I've just received the first run of 1/350 scale Flying Subs. These are being cast in opaque and clear resin and are in scale with the small Seaview from Moebius. The opaque ones start shipping on Monday and the clear ones about a week later.

The Flying Sub was mastered by Ed Holt.

More info and ordering/preordering here: opaque, clear.


----------



## miniature sun (May 1, 2005)

Very cute!


----------



## irishtrek (Sep 17, 2005)

Cool, I was wondering if there was a 350 scale FS out there.
Unfortunatley I just sealed the SF bay bottom nose piece to my little Seaview a few days ago.


----------



## Paulbo (Sep 16, 2004)

irishtrek said:


> ,,,Unfortunatley I just sealed the SF bay bottom nose piece to my little Seaview a few days ago.


You didn't add the aftermarket flying sub bay?


----------



## Fernando Mureb (Nov 12, 2006)

Paulbo said:


> You didn't add the aftermarket flying sub bay?


Lol, you are the king of photo etching, really. 

The micro FS is a jewel. :thumbsup:


----------



## Paulbo (Sep 16, 2004)

:wave:Lol


----------



## irishtrek (Sep 17, 2005)

Paulbo said:


> You didn't add the aftermarket flying sub bay?

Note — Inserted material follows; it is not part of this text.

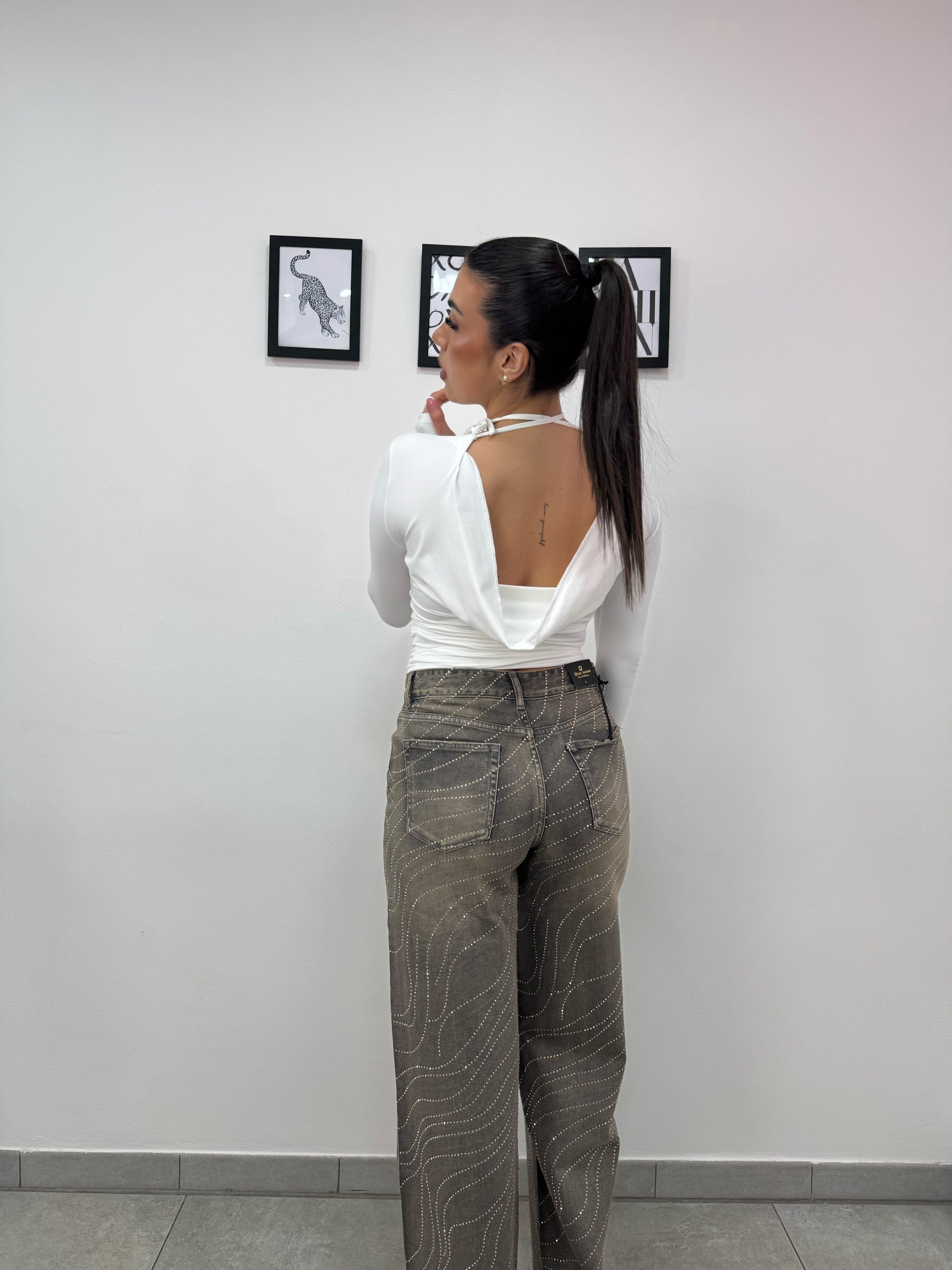 Maglia con manica a guanto, laccio dietro il collo e schiena scoperta.

I had no idea it one existed for the 350 Seaview.


----------



## Paulbo (Sep 16, 2004)

Holy cow, the response has been fantastic (which I didn't expect considering that Ed had been selling the micro Flying Sub for several years). I took up the micro Flying Sub because I didn't want to see it go out of production.

I sold out the first run yesterday, ordered a second run from JPG last evening, and today I had to order yet another run (which won't be ready until after Wonderfest) because a good proportion of that run is accounted for.


----------



## liskorea317 (Mar 27, 2009)

Paulbo said:


> I've just received the first run of 1/350 scale Flying Subs. These are being cast in opaque and clear resin and are in scale with the small Seaview from Moebius. The opaque ones start shipping on Monday and the clear ones about a week later.
> 
> The Flying Sub was mastered by Ed Holt.
> 
> More info and ordering/preordering here: opaque, clear.


Beautiful! Will CultTVman carry these?


----------



## Paulbo (Sep 16, 2004)

Yes, Steve should have some in the store later this week.


----------



## steve123 (Feb 9, 2009)

Very Cool!
With some careful painting the clear ones should look great...With lights!

I love the shape of that Sub. Excellent....excellent..lol

Steve


----------



## gareee (Jan 1, 1970)

Heck, it'd even make a nice keychain!


----------



## Paulbo (Sep 16, 2004)

My LHS owner takes little things like this and makes earrings. I'll take the buildups I've got with me on Friday when I go to pick up some tubing and the C57-D.


----------



## Richard Baker (Aug 8, 2006)

Mine arrived today and I am very impressed. The photos do not do it justice- great detail and very accurate!


----------